Before I could finish my thought, Andrew shoved me toward the exit. We raced through the lobby, out the front door, and into the screaming masses. I scribbled my signature on the photos that people held in front of me, said a few hello’s and thank-you’s while avoiding returning any I love you’s. As crazy as some fans were, if I were to say the magical three words, they might actually believe I meant them.
The three words have zero effect on me. How many I love you’s can one person hear in their lifetime before every voice starts to sound the same and the words themselves become meaningless? I’ve often wondered if even hearing them from someone I wanted to hear them from would have any effect on me, if I’d be able to let it into my heart and into my mind while at the same time keeping all the other proclamations of the same thing from others outside. Could I believe it and accept it from one while ignoring it from the masses?
It was funny because the fans didn’t know me enough to really love me, and if they really knew me, they wouldn’t love me at all. They loved the idea of me or the characters I portrayed. Me, on the other hand, they didn’t know a thing about; and honestly, I’m not so sure I did either.
Andrew announced that I’d given enough autographs and had to leave before shoving me into the waiting limo. We drove off, leaving the screaming mob to run after us until the driver gained enough speed to leave them in our dust.
More screaming fans lined the airport entrance, and paparazzi stood and snapped picture after picture as I placed my bags on the conveyer belt at the security station. Again, I tried to ignore them as they yelled my name in hopes that I would look their direction. The sounds of camera shutters increased in speed when I triggered the alarm on the metal detector and had to pull everything out of my pockets, hold my arms up, and spread my legs so I could be searched by a civilian employee wielding a metal-detecting wand.
I’d seen my picture splashed across enough
magazines to know what type of shot they were looking for. These pictures would be a hit, and the paparazzi would be able to feed their families for months simply because I got stopped and wanded at the airport.
Finally through the security barrier, I was in the clear. If I lowered my cap over my eyes and kept my head down, I could remain relatively unknown until I was safely on the plane. In normal everyday clothes and with my head covered, I blended in with everyone around me. There was nothing extraordinary about me.
I waited for the plane to arrive by hiding out in the airline VIP lounge and waited until the final call before finally boarding the plane, strapping myself into my first-class seat, and stretching my legs out.
I couldn’t wait to escape the madness.
C H A P T E R
2
Oliver’s vacation home was hidden on several acres of tree-filled land far away from the city limits. After driving through the gate off the main road, it was still an extra quarter of a mile drive up to the house and away from the attention of others. Once the taxi dropped me off, it was just me. I was alone, and it was quiet. I liked it a lot.

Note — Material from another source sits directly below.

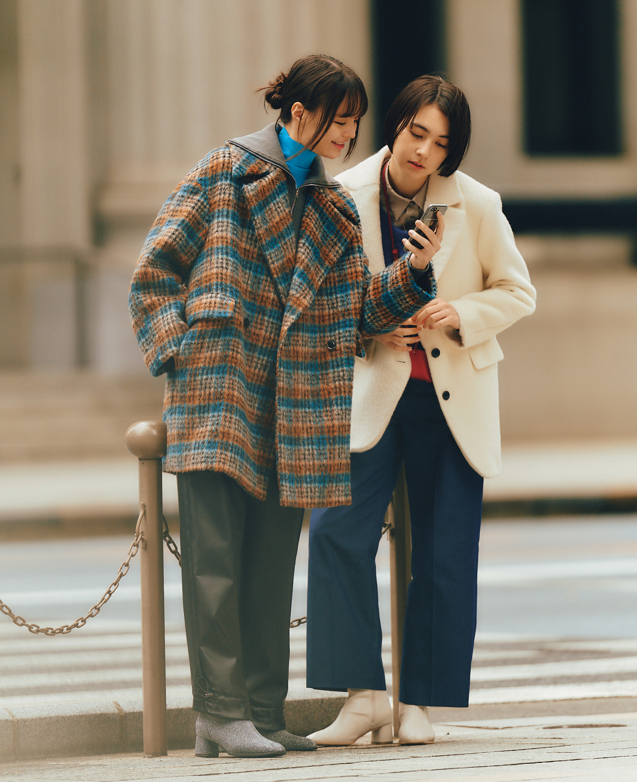街の視線をふたりじめ - 存在感たっぷりなチェック柄と、ヒロイン気分を味わえる白。浮かれた街の

I never used to like to be alone, but now, given the circumstances, I couldn’t wait to get away from people. Time to get away from the noise and the distraction, time to think clearly and contemplate life, something I hadn’t had time to do in over a year. Life was moving at such a fast pace that I didn’t have time to think about what I’d eat for breakfast, let alone what I wanted to do for the next five years of my life. I hadn’t chosen this life; it chose me, and now I was left with trying to get on board and enjoy the ride.
After giving myself a tour of the main house, I grabbed my luggage and carried it to the guesthouse, which would be my home for the next few months.
The front door and window off the main room looked on to the elaborate pool, and the bedroom, which was at the back of the small house, looked into the forest. There must have been good nature viewing, because an overstuffed chair was situated in front of the window and binoculars sat on the small side table, along with a book about birds and other animals that wandered the forests in this part of the country. I hoped the slower pace never became so underwhelming that I’d actually make use of the book or binoculars. I couldn’t imagine anything being more boring.